Perhaps we can add another question, a bit more scientifical: do we have
a trend? Is the frequency of those events changing? Let’s get a first
answer by using again a rolling function, this time directly on the
good_weather_period
variables looking for the number of events in a
window of 20 years.
plot(rollapply(processed_data$good_weather_period, 365 * 20, align = "right", FUN = sum, na.rm = TRUE, fill = NA) ~ processed_data$date,
type = "l", lwd = 2, ylab = "number of events in 20 years", xlab = 'date',
main = 'number of events of good-weather events in 20 years')

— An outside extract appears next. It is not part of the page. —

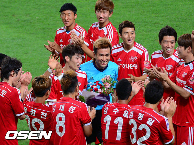 ‘하나은행 K리그 올스타 with 팀 박지성’ 경기가 25일 오후 8시 서울월드컵경기장에서 개최됐다. 국민스타 박지성(33)의 현역생활 마지막 경기로 큰 관심을 모았다. 아울러 월드컵스타 이근호, 김신욱, 김승규 등이 한자리에 모여 한 여름 밤의 축구잔치를 펼쳤다. 황선홍 포항 감독이 이끈 팀 K리그와 히딩크 감독이 지휘한 팀 박지성은 25일 오후 8시 서울월드컵경기장에서 열린 하나은행 K리그 올스타 with 팀 박지성(이하 올스타전) 경기서 6-6으로 승부를 가리지 못했다.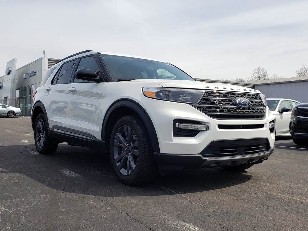 Mark Thomas Ford is proud to offer this handsome-looking 2023 Ford Explorer in White Metallic. This 2023 Ford Explorer has passed our comprehensive inspection and comes with the following features; Equipment Group 202A (Acoustic-Laminated Front Side Windows, Heated ActiveX Captain's Chairs, Heated Steering Wheel, LED Fog Lamps, Remote Start System, and SecuriCode Keyless Entry Keypad), XLT Sport Appearance Package (Dual Chrome Exhaust Tips and Wheels: 20" 10-Spoke Carbonized Gray-Painted), 4WD, 3.58 Non-Limited-Slip Rear Axle Ratio, 3rd row seats: bench, 4-Wheel Disc Brakes, 4G LTE Wi-Fi Hotspot Credit, 6 Speakers, ABS brakes, Air Conditioning, Alloy wheels, AM/FM radio: SiriusXM, AM/FM Stereo, Auto High-beam Headlights, Automatic temperature control, Brake assist, Bumpers: body-color, Compass, Delay-off headlights, Driver door bin, Driver vanity mirror, Dual front impact airbags, Dual front side impact airbags, Electronic Stability Control, Emergency communication system: SYNC 3 911 Assist, Exterior Parking Camera Rear, FordPass Connect, Four wheel independent suspension, Front & Second Row Floor Liners (16B), Front anti-roll bar, Front Bucket Seats, Front Center Armrest, Front dual zone A/C, Front reading lights, Fully automatic headlights, Heated door mirrors, Heated front seats, Heated Unique Cloth Captain's Chairs, Illuminated entry, Knee airbag, Leather steering wheel, Low tire pressure warning, Occupant sensing airbag, Outside temperature display, Overhead airbag, Overhead console, Panic alarm, Passenger door bin, Passenger vanity mirror, Power door mirrors, Power driver seat, Power Liftgate, Power passenger seat, Power steering, Power windows, Rear air conditioning, Rear anti-roll bar, Rear reading lights, Rear window defroster, Rear window wiper, Remote keyless entry, Roof rack: rails only, Security system, Speed control, Speed-sensing steering, Speed-Sensitive Wipers, Split folding rear seat, Spoiler, Steering wheel mounted audio controls, SYNC 3 Communications & Entertainment System, SYNC 3/Apple CarPlay/Android Auto, Tachometer, Telescoping steering wheel, Tilt steering wheel, Traction control, Trip computer, Variably intermittent wipers, and Wheels: 18" 5-Spoke Silver-Painted Aluminum.

That is definitely a positive trend, probably due to the well-known positive trend of temperature over Europe and the Netherland. This is an example of how to use (free) observed data and some relatively simple code to try to understand the “weather” of a specific area. To this end, I would also suggest to keep an eye on the Copernicus Climate Change products, that are free for everyone and up-to-date.